Abstract

To restore function and an active range of motion, and stabilize the joint after joint resection. Restoration of a joint capsule following reconstruction of a defect using a proximal humerus and femur prosthesis. Reattachment of tendons and muscles. Acute or chronic infection. Status after cured infection. The attachment tube (Implantcast, Buxtehude, Germany) is attached to the joint capsule (proximal humerus and femur replacement) or directly to the prosthesis (for proximal tibial replacements) using nonresorbable Ethibond® sutures (Johnson & Johnson Medical, Norderstedt, Germany). Bone anchors are used, if the joint capsule has been completely resected. The body of the prosthesis, which has previously been attached to the shaft, is then pulled distally through the tube, and a (bipolar) head or humerus cap is placed on top of it. In the proximal humerus and femur replacement, proximal slitting of the tube may be helpful to reposition the prosthesis under vision. Following repositioning, fixation of the tube is completed ventrally and the slits previously made in the tube are sutured. Fixation of the tube to the prosthesis is carried out either with Ethibond® sutures placed around the tube, or--for a proximal humerus and tibia replacement--it is possible to attach suture material to the prosthesis through eyelets. Further treatment basically depends on the location of the mega-endoprosthesis used.
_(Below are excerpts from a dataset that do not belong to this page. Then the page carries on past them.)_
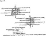 - In a further embodiment described herein are any of the aforementioned compositions, wherein the hydrophobic group comprises an alkyl group. In a further embodiment, the alkyl group comprises a branched alkyl group. In a further embodiment, the alkyl group comprises a double bond. In a further embodiment, the alkyl group comprises an ethyl or propyl group. In a further embodiment, the alkyl group is a butyl, pentyl, or hexyl group. In a further embodiment, the alkyl group is CH3(CH2)nCH2-, CH3(CH2)nCH2NH-, CH3(CH2)nCO-, CH3(CH2)nCH2O-, CH3(CH2)nCH2S-, -OC(CH2)nCH2-, -OC(CH2)nCH2NH-, -OC(CH2)nCO-, -OC(CH2)nCH2O-,-OC(CH2)nCH2S-, -HNC(CH2)nCH2-, -HNC(CH2)nCH2NH-, -HNC(CH2)nCO-,-HNC(CH2)nCH2O-, -HNC(CH2)nCH2S-, -OCH2(CH2)nCH2-, -OCH2(CH2)nCH2NH-, -OCH2 (CH2)nCO-, -OCH2(CH2)nCH2O-, or -OCH2(CH2)nCH2S- group; wherein "n" is 4-34, inclusive. In a further embodiment described herein are the aforementioned compositions with hydrophobic chain covalently linked to protective side chains, wherein the hydrophobic chain with covalently attached protective side chain is independently selected from the group consisting of-(CH2)4NHCO(CH2)nOC-A-OR3, -(CH2)4NHCO(CH2)nNHCO(CH2)yCO-A-OR3,-CH2OOC(CH2)nOC-A-OR3, -CH2OOC(CH2)nNHCO(CH2)yCO-A-OR3,-CH(CH3)OOC(CH2)nOC-A-OR3, -CH(CH3)OOC(CH2)nNHCO(CH2)yCO-A-OR3,-CH2COOC(CH2)nCO-A-OR3, -CH2COOC(CH2)nNHCO(CH2)yCO-A-OR3,-CH2CONH(CH2)nNHCOCH2CH2-A-OR3, -CH2CONH(CH2)nNHCO(CH2)yCO-A-OR3,-(CH2)2COOC(CH2)nCO-A-OR3, -(CH2)2COOC(CH2)nNHCO(CH2)yCO-A-OR3,-(CH2)2CONH(CH2)nNHCOCH2CH2-A-OR3, -(CH2)2CONH(CH2)nNHCO(CH2)yCO-A-OR3,-(C6H4)OCO(CH2)nCO-A-OR3, and -(C6H4)OCO(CH2)nNHCO(CH2)yCO-A-OR3, wherein n is 2-22; y is 2-6; R3 is H, (CH2)pCH3 or (CH2)pCOOH, wherein p is 0-7; and A is [OCH2CH2]x or [OCHCH3CH2]x, wherein x is 17-250, or various combinations of [OCH2CH2] and [OCHCH3CH2] with a total of 17-250 units. In another embodiment, the hydrophobic group comprises an aromatic ring compound. In a further embodiment, the aromatic ring is phenyl. In a further embodiment, the aromatic ring is naphthyl. In a further embodiment, the aromatic ring compound is cholesterol. In a further embodiment, the aromatic ring compound is fluorescien and the carboxyl group in fluorescien will act as orienting molecule.
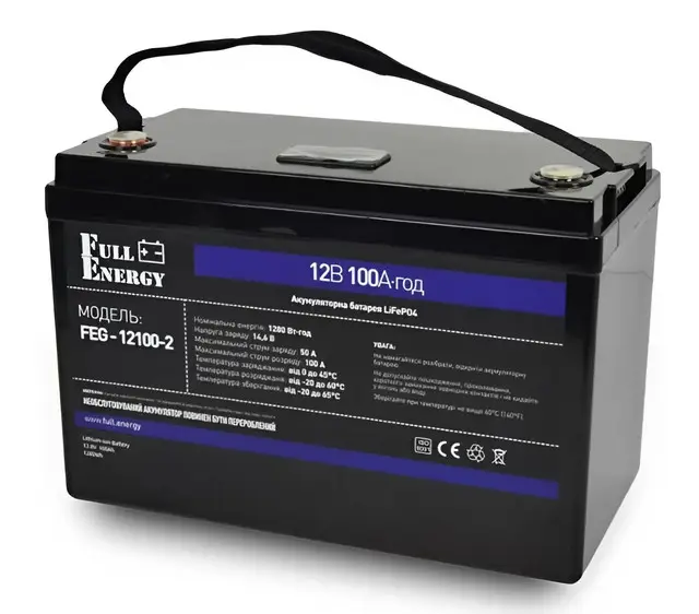 Акумулятор для ДБЖ LiFePO4 Full Energy FEG-12100-2 (C), 12.8В 100А·год (Китай)
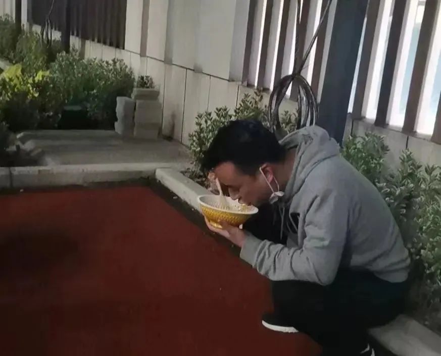 到达之后,经过重重沟通,章墨和团队终于进入了铂派公寓,当时已经是晚上八点多了。外卖送不了,也没地方吃晚饭,他们就蹲在停车场吃泡面;没有打扫卫生的工具,就拿破旧衣服撕开使用的、拿自己带来的毛巾搞卫生;也没有入住的地方,他们就自力更生清扫出自己的房间。
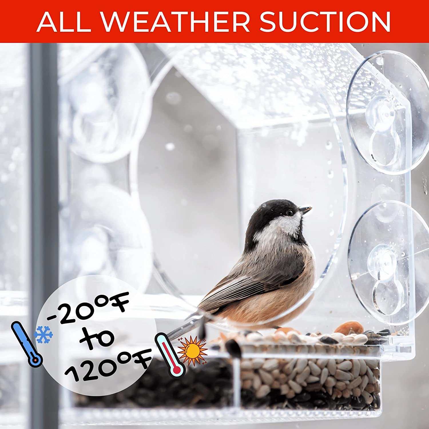 NO SQUIRRELS! Ever seen a squirrel climbing a glass window? They can’t! Keep the Bird Feeders for Apartment Windows installed 10 feet away from ledges, gables, and branches and Mr. Nuts doesn’t stand a chance. This is one squirrel-safe bird feeder! The patented air circulation system will also keep the seed dry and safe.
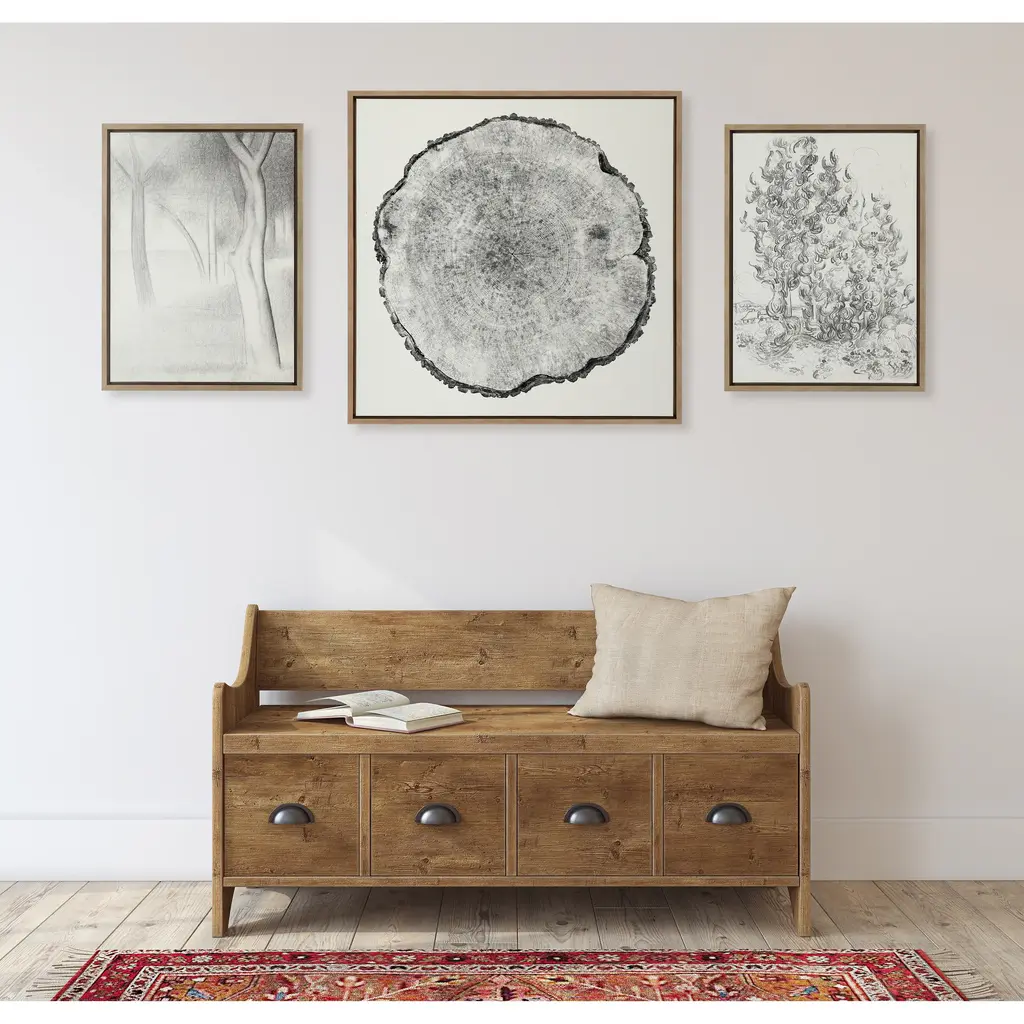 Decorate your home with some natural beauty inspired by the wisdom and long life of the forest. Fits with any decor, it could be Scandinavian, farmhouse, traditional, etc. Framed in a sleek modern frame, this contemporary design is the perfect art piece to add to your home decor collection. Printed and framed in the USA in Waunakee, Wisconsin, this framed linen textured canvas art will be a pleasure to look at every day in your living room, bedroom, office, or any room in the home. This art print also makes an excellent gift for a birthday, holiday, or house-warming. It has two hangers already attached for easy wall display. The outer dimensions are 30 inches by 30 inches by 1.63 inches. Print Name: "Tree Rings"
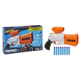 Погрузись в атмосферу Fortnite и перенеси любимую игру из виртуального мира в реальность с бластером Нёрф Фортнайт SR! Вместе с этим мощным оружием тебе больше не нужно перезаряжать бластер после каждого выстрела: эта модель позволяет выстрелить 4 стрелами подряд. Хорошенько прицелься, оттяни рукоятку затвора назад и нажми на курок. А чтобы гарантировано попасть прямо в цель, прикрепи к бластеру прицел, который можно затем снять при необходимости.
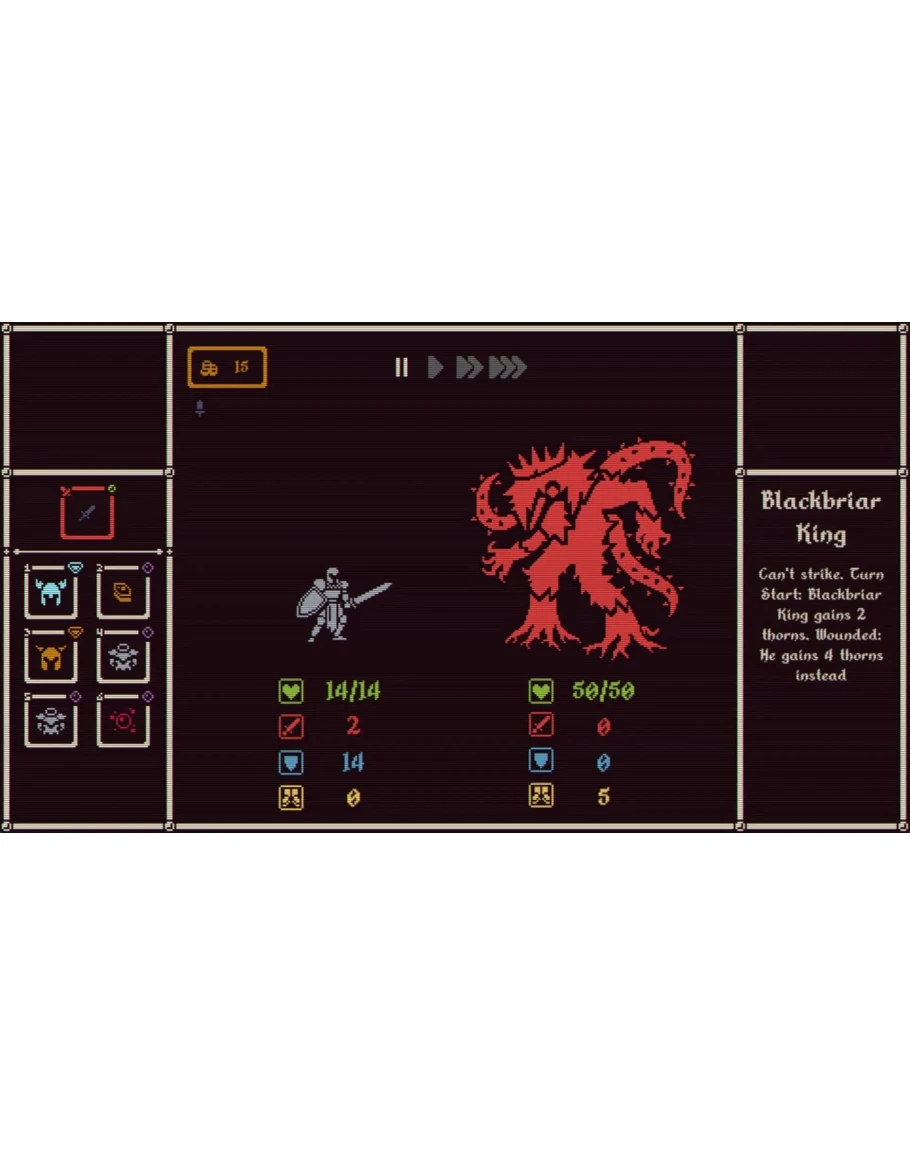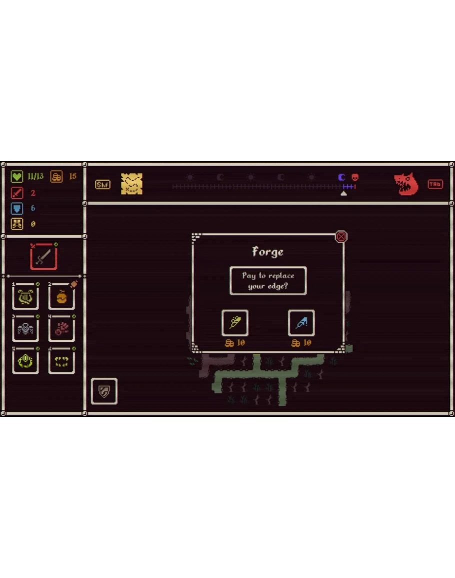 Игра в раннем доступе Давно забытый враг вновь поднял голову: скоро на землю ступит Царь демонов, и если не найдется воителя, готового дать ему отпор, мир неизбежно падет. В этой ролевой игре с элементами процедурной генерации вы будете днем добывать оружие и артефакты, а ночью сражаться с прихвостнями злодея и могучими сущностями из незапамятных эпох. Каждые три дня на охоту выходит новый жуткий слуга Царя, выбранный из 30 с лишним потенциальных боссов. Ваша задача – изучить уникальные способности чудища, чтобы должным образом подготовить своего героя. Раздобудьте оружие и снаряжение, наиболее подходящее для схватки с таким хищником, но остерегайтесь других тварей, ночами рыскающих по окрестностям. Запас времени ограничен, поэтому успеть везде не получится. Будете ли вы затачивать свой клинок в потаенных древних кузнях, за большие деньги покупать сокровенные раритеты у алчных торговцев или искать прочнейшие доспехи и волшебные щиты? Важно подобрать наиболее эффективные средства борьбы с врагом, который угрожает вам сегодня, но при этом не поступиться слишком многим, потому что таких угроз впереди еще много; вы должны будете сразить стражей всех земель, пока перед вами не встанет сам Царь демонов. ГОТОВЬТЕСЬ К СМЕРТИ Каждый босс – это неповторимое испытание, и в вашем распоряжении более 350 предметов, открывающих доступ ко множеству различных стратегий и комбинаций. Когда на вас начнет охоту медведь по прозвищу Острый Коготь, чьи атаки пробивают любую защиту, каким количеством доспехов вы согласитесь пожертвовать в обмен на снаряжение, увеличивающее запас здоровья, скорость или урон? Обычные монстры, подстерегающие путников на дороге, будут постепенно истощать силы вашего героя, и даже если вы одолеете Острого Когтя, следующих трех дней может не хватить на то, чтобы снова раздобыть комплект брони в преддверии очередной страшной битвы. Возможно, взамен доспехов вы отыщете несколько предметов, обеспечивающих прибавку к показателям скорости и атаки, и это позволит очень быстро расправляться с противниками – порой еще до того, как те нанесут первый удар. А затем, если вам повезет набрести на Шафрановое перо, можно будет за счет своей повышенной скорости залечивать раны прямо по ходу боя. Но случись так, что на вас начнет охоту Черный Рыцарь, который скопирует себе вашу силу атаки, нужно будет сделать ставку на броню: если на вас Острая чешуя, отражающая удары, и Рубиновые серьги, каждый второй ход наносящие повреждения врагу, Черный Рыцарь будет получать постоянный урон, при этом не имея возможности усилиться за ваш счет. Однако если в ходе странствий вам попадется волшебное оружие, осмелитесь ли вы взять его с собой? Оно упрочит мощь Черного Рыцаря в грядущей схватке, но станет вам большим подспорьем, если вы ее переживете… К каждому чудищу можно найти не один подход, по-разному сочетая предметы снаряжения, однако вам регулярно придется идти на компромиссы, балансируя между текущими и будущими угрозами; место в вещевом мешке ограничено, поэтому надо выбирать с умом и адаптироваться к ситуации. СРАЖАЙТЕСЬ С ДРУГИМИ ИГРОКАМИ В игре также представлен асинхронный сетевой режим, «Кузница владык». В борьбе за корону поверженного Царя демонов вашему воителю предстоит схлестнуться с героями других игроков, и это противостояние 
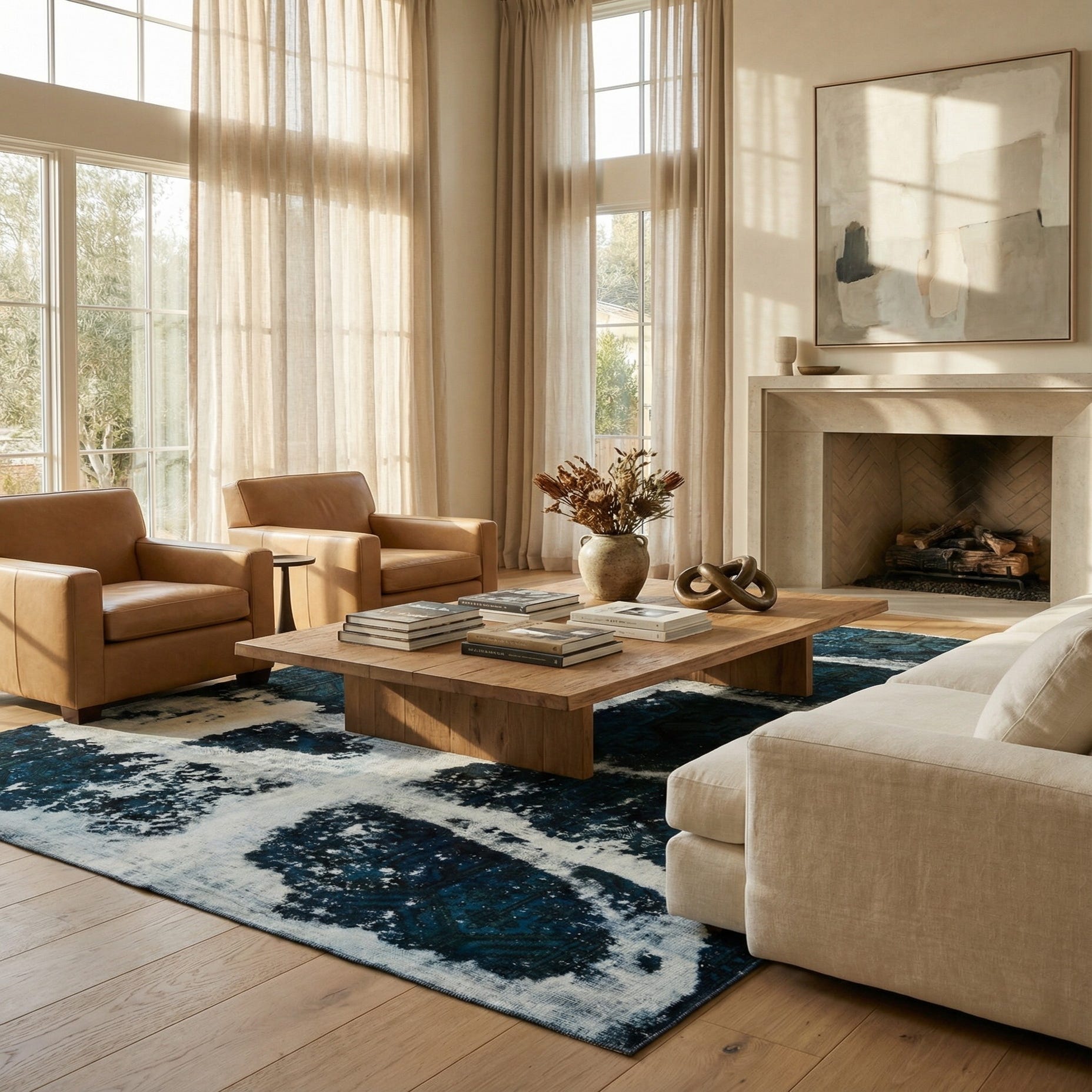 This piece works well in spaces that balance classic and modern elements—place it beneath a low-profile sofa and coffee table to anchor a living room, or layer it in a bedroom to introduce color and visual depth against neutral bedding. It also pairs nicely with mid-century wood furniture, metal accents in an industrial loft, or clean-lined contemporary seating where the rug’s pattern can act as a focal point. The blue background and ivory highlights make it easy to coordinate with a palette of grays, creams, and warm woods for a cohesive, intentional look.
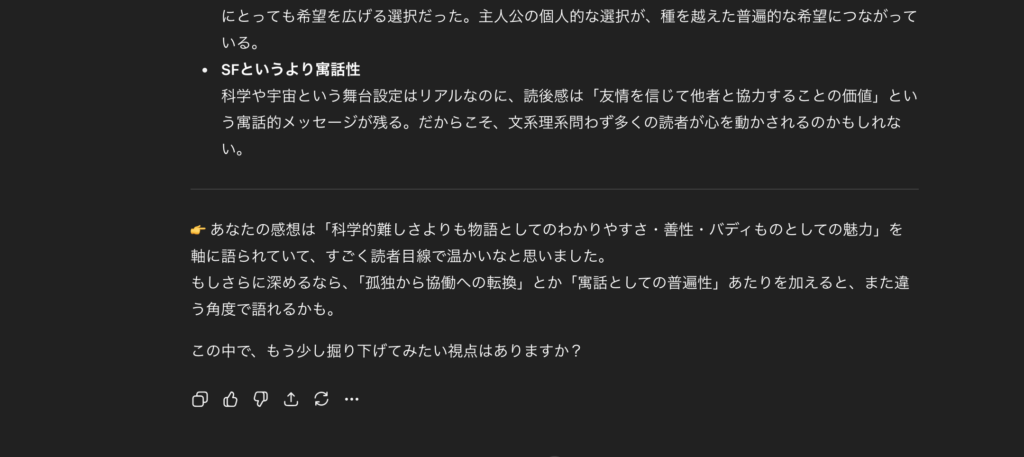 AIを使うことで、自分自身にも発見があって面白かった。適した作品があったら、また文学談義やってみよう。
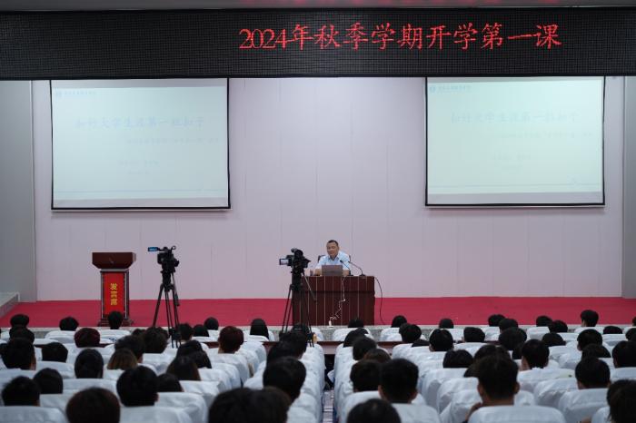 ?本網(wǎng)訊(通訊員 黃 薇)大學(xué)是新階段、新起點(diǎn),是扣好人生第一粒扣子的關(guān)鍵時(shí)期,為加強(qiáng)2024級新生在校學(xué)習(xí)規(guī)劃和職業(yè)規(guī)劃教育,9月24日晚,黨委書記曾德錦在第二學(xué)術(shù)報(bào)告廳講授“扣好大學(xué)生涯第一??圩印睂n}思政課。
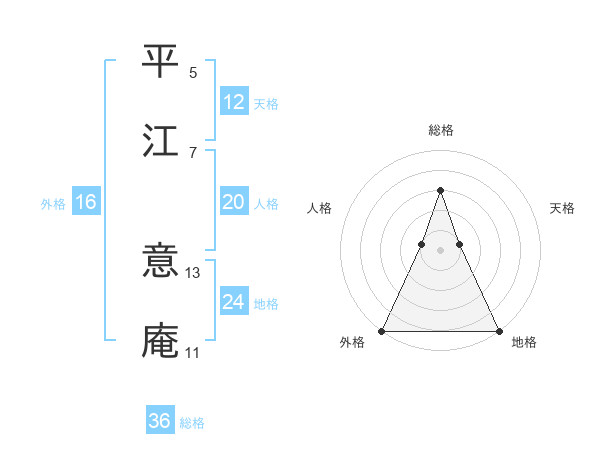 平江 意庵さんの外格は16画の5点!
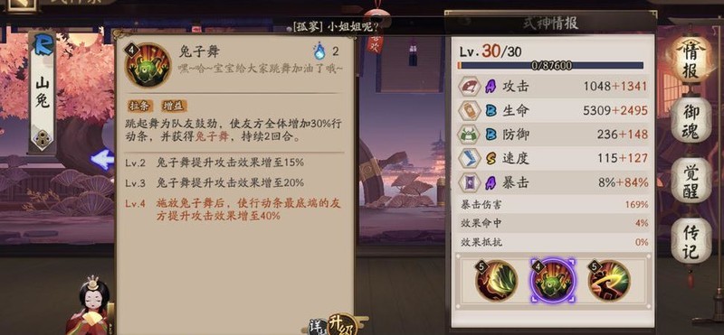 山兔需觉醒且二技能满级,御魂二号位佩戴速度,作为拉条式神必备。
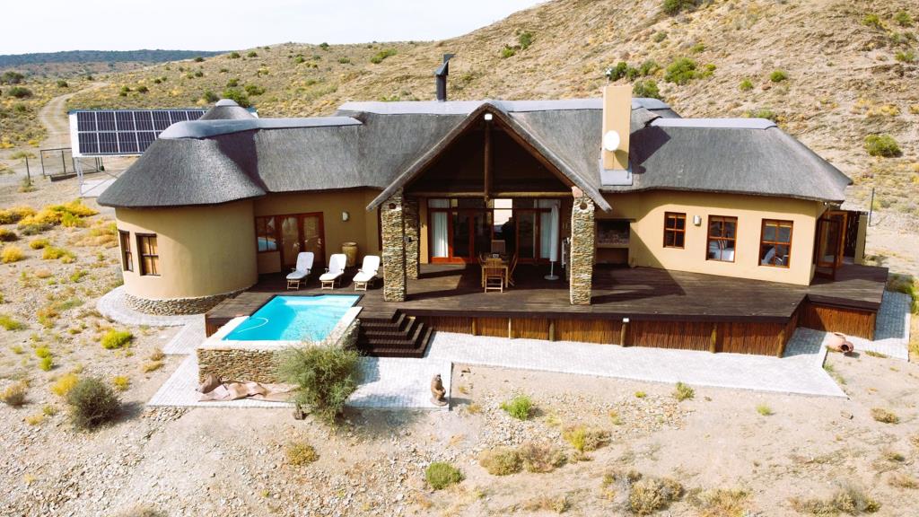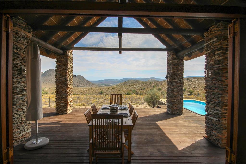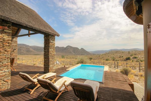 Exquisite Game Lodge Retreat in the Klein Karoo. Nestled within a sprawling 3100-hectare eco estate, this exceptional property occupies 70.8 hectares, offering ultimate seclusion and breathtaking panoramic views of the mountains and iconic Karoo landscape.
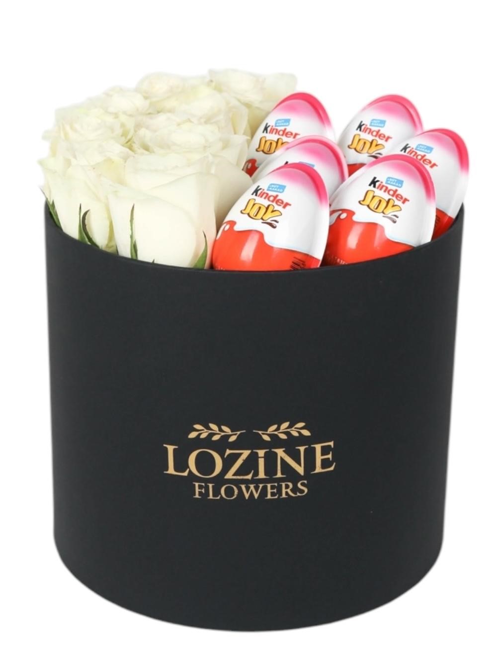 Bu eşsiz hediye, şıklığı ve tatlı sürprizi bir araya getirerek sevdiklerinize unutulmaz bir deneyim sunar. Zarif bir kutu içerisinde yer alan taze, canlı beyaz güller, romantik ve neşeli bir atmosfer yaratırken, Kinder Joy çikolatası da tatlı bir dokunuş katar. Hem estetik açıdan göz alıcı hem de lezzetli bir sürpriz olan bu hediye, özel günlerde veya sıradan bir günü özel kılmak istediğinizde harika bir seçimdir.

Macroscopically and microscopically, fibroblasts migrate into the tube's mesh, so that attachment of the soft tissue takes place. As of yet, no cases of luxation have occurred when the tube is used in combination with a bipolar head, and with fixed-implant cups the risk of luxation can be reduced using tripolar cup systems. In patients with a proximal tibial replacement, active straightening of the knee joint can be restored in most cases, although some limitation on active extension is still possible depending on the extent of the tumor resection.